X-Message-Number: 7768
Date: Wed, 26 Feb 1997 12:29:58 MST
From: "Richard Schroeppel" <>
Subject: extracranial memory -- speculation

A neuro patient (head only) probably loses information that is only kept
in his body.  On reawakening, he may find that his muscles are wired
a bit differently from the original body, and that muscle skills must be
reacquired.  A violinist might retain his acoustic knowledge, but need
to relearn fingering or bowing.  [This idea is conjectural: it's possible
that neural information saved in the brain will be sufficient to infer
muscle wiring and fiber strengths well enough to give an "identical"
reconstruction.]

I've been musing about other body info that is lost.  Obviously scars,
fractures, and surgery are annulled, generally a good thing.  There
will be information missing about exact sizes and shapes of body parts:
these depend a lot on nutrition and patterns of use.  Overall height
and weight might change, since these also depend on prenatal and
childhood nutrition.  The detailed wiring of the blood vessels will
be different; this may also affect muscle shape.  A prospective neuro
patient might want to keep detailed body size measurements.
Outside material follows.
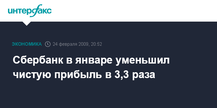 Сбербанк в январе уменьшил чистую прибыль в 3,3 раза

One interesting unknown is immunologic memory:  This is partly stored
in circulating white blood cells, and partly in the thymus.  I think
current practice is to discard these when the patient is frozen (?).
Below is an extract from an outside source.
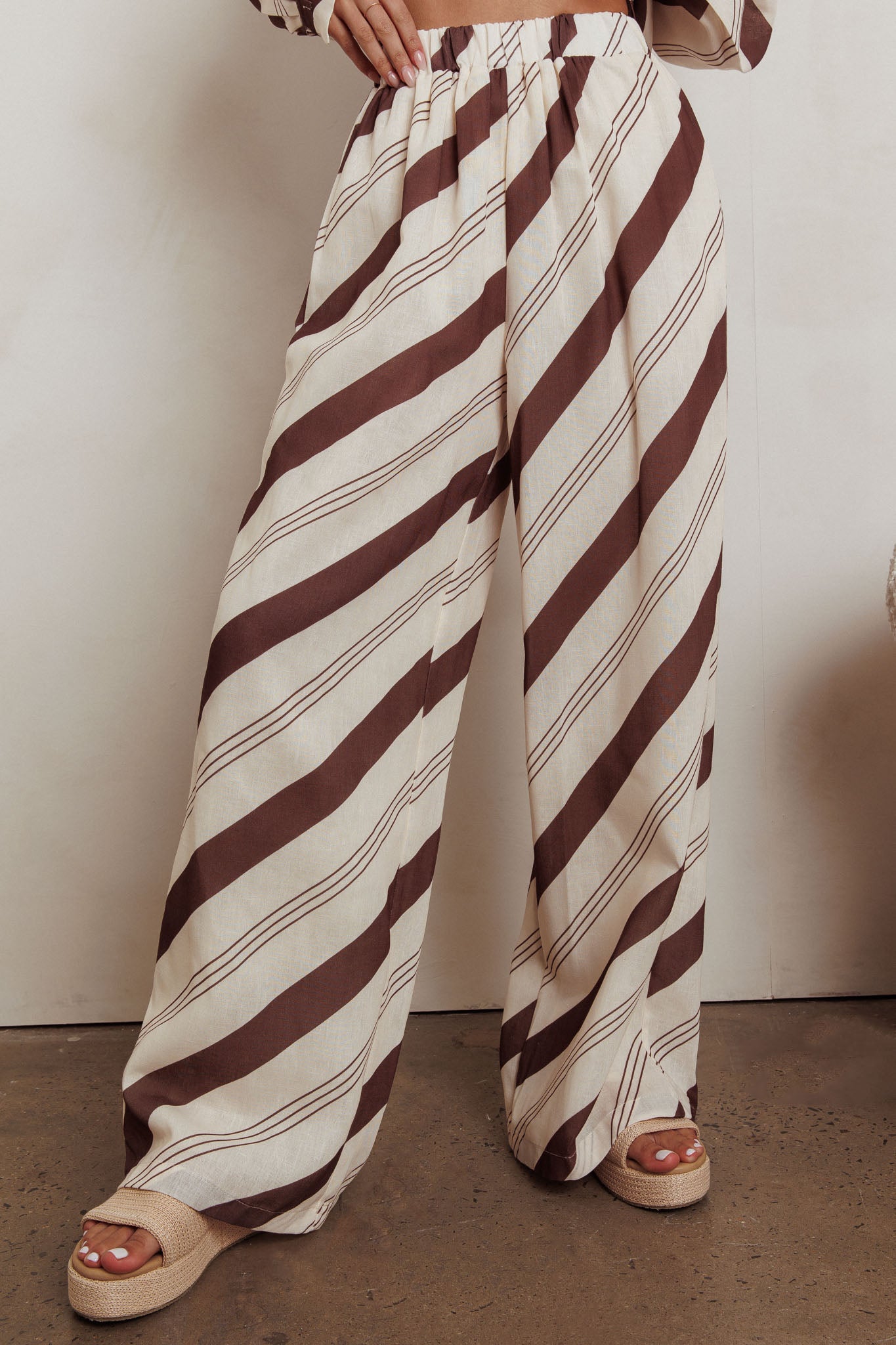 Alex Elastic Waist Striped Print Pant Cream/Cacao

Are there other sorts of "memory"?  The sensors for smell and taste
go along with the patient.  Proprioception (joint position & muscle
tension) is part of the muscle system.  Perhaps there's a nutrition
memory -- the body's detailed strategy for handling sugar, fat, etc.
This might reside in the liver, pancreas, intestines, stomach.
There might be "respiration memory", perhaps involving the lungs and
heart (as well as the brain of course); there are measuring organs
for blood gasses (in the neck veins?).  The marrow of long bones
contains blood cell precursors, which might contain interesting state.
Prenatal hormone influences (if real) presumably act through the brain,
(only?).  A woman's pregnancy history will be reset.

Most of this information is not crucial -- it can be relearned, or
ignored -- immune memory might be irrelevant in our future -- even
our typing skills might be of historical value only.  On the other
hand, it's possible that mood (and hence a part of personality)
depends on sugar handling strategy, and that this is influenced by
the details of the blood flow in the pancreas and liver.